Does anyone else use the Voyager as a brake controller? I am having problems setting the controller in my TV. I can't get it "dialed-in" correctly. Friday nite in bumper 2 bumper traffic the brakes started to squeal! Pulled over in a parking lot and checked out everything. Tried backing-up to release brakes. Eventually disconnected power to TT and drove in circles around lot to clear out brake-dust. IT WORKED! Headed north again for the rest of the trip. I had to turn the TT brakes down until I was out of traffic.
Everytime I think I have it set right, I find out my brakes are dragging. Or, I have it set too low and I'm not getting enough power sent to the brakes. I might just switch to a Prodigy unit, but I think this unit is decent. I've never had a problem in the past (towing dump trailer).
Anyone's input/insight would be appreciated.


----------



## Nathan (Jan 2, 2007)

What model? Is it a time delay, or an mechanical inertia (pendulum type) or a solid state (accelerometer based)?


----------



## gzaleski (Aug 29, 2009)

It's activated by inertia. Here's a link to a manual, maybe it will help.

glen...


----------



## Nathan (Jan 2, 2007)

There are 3 issues with those.

1. Operator doesn't set the angle correctly.

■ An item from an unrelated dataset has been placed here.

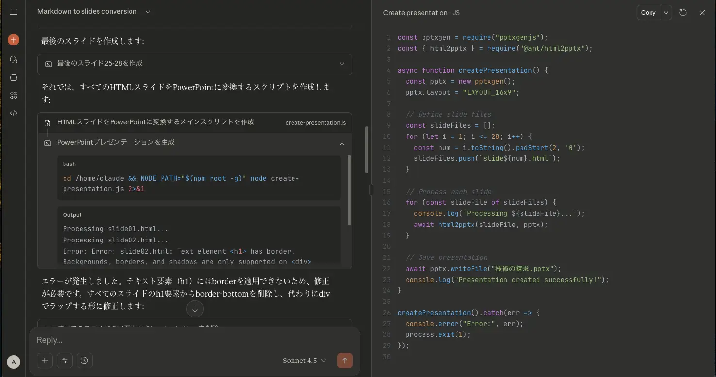 このスキルではスライドの元になる HTML ファイルを作成し、PptxGenJS ライブラリを使用して pptx ファイルを生成する JavaScript コードをサンドボックス内で実行している様子が確認できます。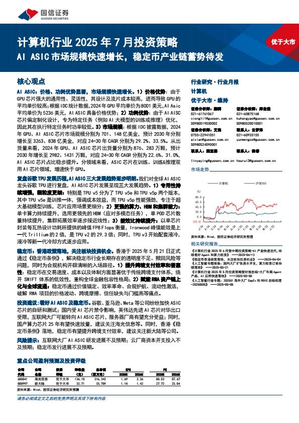 【18671】【国信证券】计算机行业2025年7月投资策略:AI+ASIC市场规模快速增长,稳定币产业链蓄势待发 1天前 7月 1 预览结束,本文件为PDF文档,一共22页,请购买后,下载查看 资源下载下载价格59 H币VIP免费升级VIP立即购买下载或充值问题请将订单号发送到:2907878669@qq.com ,我们会在24小时内为您处理 科技电子

2. Driver is driving up or down steep hill.

3. Road is pretty bumpy and the TV brakes are likely applied causing the BC to think you are stopping faster due to the pendulum swining due to the bumps...


----------



## outback loft (Sep 22, 2008)

The Voyager is an inertia activated controller. I had similar issues when I was using it. In stop and go traffic the brakes would grab hard and sometimes lock up, so I would lower the gain. When I would do this, then there was almost no feeling from the trailer brakes when slowing from high speeds.

I switched to the Prodigy P3 and it is a night and day difference.


----------



## Joonbee (Jan 18, 2008)

outback loft said:


> The Voyager is an inertia activated controller. I had similar issues when I was using it. In stop and go traffic the brakes would grab hard and sometimes lock up, so I would lower the gain. When I would do this, then there was almost no feeling from the trailer brakes when slowing from high speeds.
> 
> I switched to the Prodigy P3 and it is a night and day difference.


Ditto. Hted the Voyager. It is in the bottom drawer of my tools box, where it has been sent to rot. The Prodigy or P3, which is wht I switched to also, IS night and day. Haven't changed the setting on mine in 2 years. You will wonder why you waited so long to upgrade.

Jim


----------



## dhdb (Dec 14, 2009)

I just ordered a new P3 today. I thought I may have been setting it wrong so I wanted some opinions. The opinions I got were "change it". This is why I like this site so much! I would have been fooling around forever with a piece of equipment that never will respond/operate smoothly. Thanks everyone!


----------



## spepi (Apr 12, 2010)

Let me know if you need help...Im around Saturday...if you have it by then.


----------